In addition to using genetic or epigenetic profiles to subclassify patients or select them for therapy, others have measured inflammatory markers directly to both improve diagnostics and identify candidates for specific therapy. Early in the course of sepsis, before a source becomes apparent, it can be difficult to differentiate sepsis from uninfected SIRS. However, the application of procalcitonin levels have been shown to be beneficial in guiding de-escalation of antibiotics in these cases (66). Increased levels of other inflammatory markers, such as IL-6, IL-8, and MCP-1, have also been associated with steroid responsiveness in sepsis, suggesting that these may be used to select patients in which steroids would be of benefit (66,67). Again, these have not been validated in larger prospective studies and thus have not been universally recommended.

Although there are limited applications of personalized medicine in the setting of sepsis at this point, improvements in technology and the resulting improvement turnaround time for a number of genetic and epigenetic tests have allowed for these techniques to be increasingly viable. As these techniques become more widely available, they will almost certainly be applied to sepsis as this is an area where there is great potential for benefit. This, in turn, may usher in a new era where management of patients with sepsis can be individualized to target the underlying pathophysiology, diagnose sepsis more accurately, and modulate the inflammatory response in real time to improve mortality.

GENETICS OF ARDS

Because acute respiratory distress syndrome (ARDS) has a broad definition: acute onset of impaired oxygenation in the setting of bilateral infiltrates without underlying cardiac failure or fluid overload, and can be caused by a variety of insults, development of targeted therapy has been difficult and the mainstay remains supportive care aimed at improving gas exchange (68). Although attempts to delineate inflammatory subtypes of ARDS have had limited success, if they could be established, therapy could target the specific inflammatory mediators driving ARDS in the individual patient and modulate the inflammatory response. Additionally, if genetic risk factors were identified, it may be possible to prevent ARDS or predict poor outcomes and mortality.

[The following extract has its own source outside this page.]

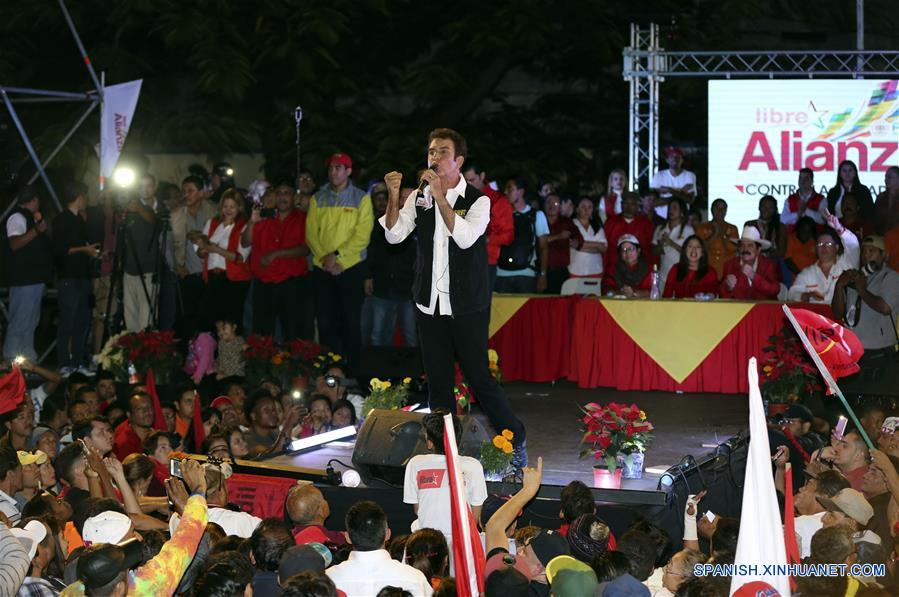 El candidato a la presidencia de Honduras por la Alianza de Oposición, Salvador Nasralla (c), participa durante su acto de cierre de campa?a electoral, en Tegucigalpa, Honduras, el 20 de noviembre de 2017. Los candidatos presidenciales con mayor opción de triunfo en las elecciones generales del 26 de noviembre en Honduras, realizan el lunes masivos cierres de campa?a en la recta final de los comicios, con numerosas concentraciones en diversas ciudades del país. (Xinhua/Rafael Ochoa)

Defining inflammatory subclasses of ARDS by measuring inflammatory mediators has been more challenging than for systemic diseases such as sepsis, because inflammation in ARDS is more localized and the inflammatory milieu of the lungs is not fully reflected by the level of inflammatory mediators in peripheral blood (69). Attempts to characterize phenotypes of inflammation by local measurement of inflammatory mediators with either catheter-based direct aspiration or bronchoalveolar lavage (BAL) have also been limited because, among other things, they only provide information regarding the alveolar compartment. Measurements of inflammatory markers using BAL including TNF-α, IL-1β, IL-6, IL-8, GRO-α, and MCP-1 have not shown any of these to predict outcomes in ARDS (70). Although measuring inflammatory mediators directly has thus far been unsuccessful at identifying targets for specific therapy or predicting outcomes, there are almost certainly inflammatory phenotypes associated with ARDS that require other methodology to define.

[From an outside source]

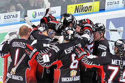 Игроки "Авангарда" после победы в матче чемпионата КХЛ: "Авангард" (Омск) - "Салават Юлаев" (Уфа) – 4:1

Our ability to define genetic risk factors has greatly increased in recent years. The first gene described as influencing ARDS susceptibility was a nonsynonymous coding variant in surfactant protein B (SFTPB) (71). As this mutation is relatively uncommon, any benefit seen in these patients in large trials of exogenous surfactant administration would likely not have been great enough to influence the overall outcomes of the patients who received surfactant therapy. However since these patients have dysfunctional surfactant production, they would theoretically benefit from supplementation with exogenous surfactant while individuals with normal surfactant production may not. Some risk factors also appear to be only, or more, significant in the setting of specific inciting circumstances. For example, individuals with IL-8 promoter variant (rs4073A), which results in persistent IL-8 elevations, had an increased ARDS incidence after major trauma (72). However, this association has not been seen in ARDS due to sepsis, suggesting that different inflammatory pathways are involved in the pathogenesis of ARDS. Despite the heterogeneity, there does appear to be some overlap in inflammatory response. This was seen in an SNP in the IL-1 receptor antagonist (IL-1RA) gene (rs315952) which is associated with lower risk of ARDS in patients with either severe trauma or septic shock (73). This SNP was associated with higher levels of IL-1RA, therefore it is possible that some patients, especially those without this mutation, could benefit from treatment with IL-1RA either for therapeutic or prophylactic purposes.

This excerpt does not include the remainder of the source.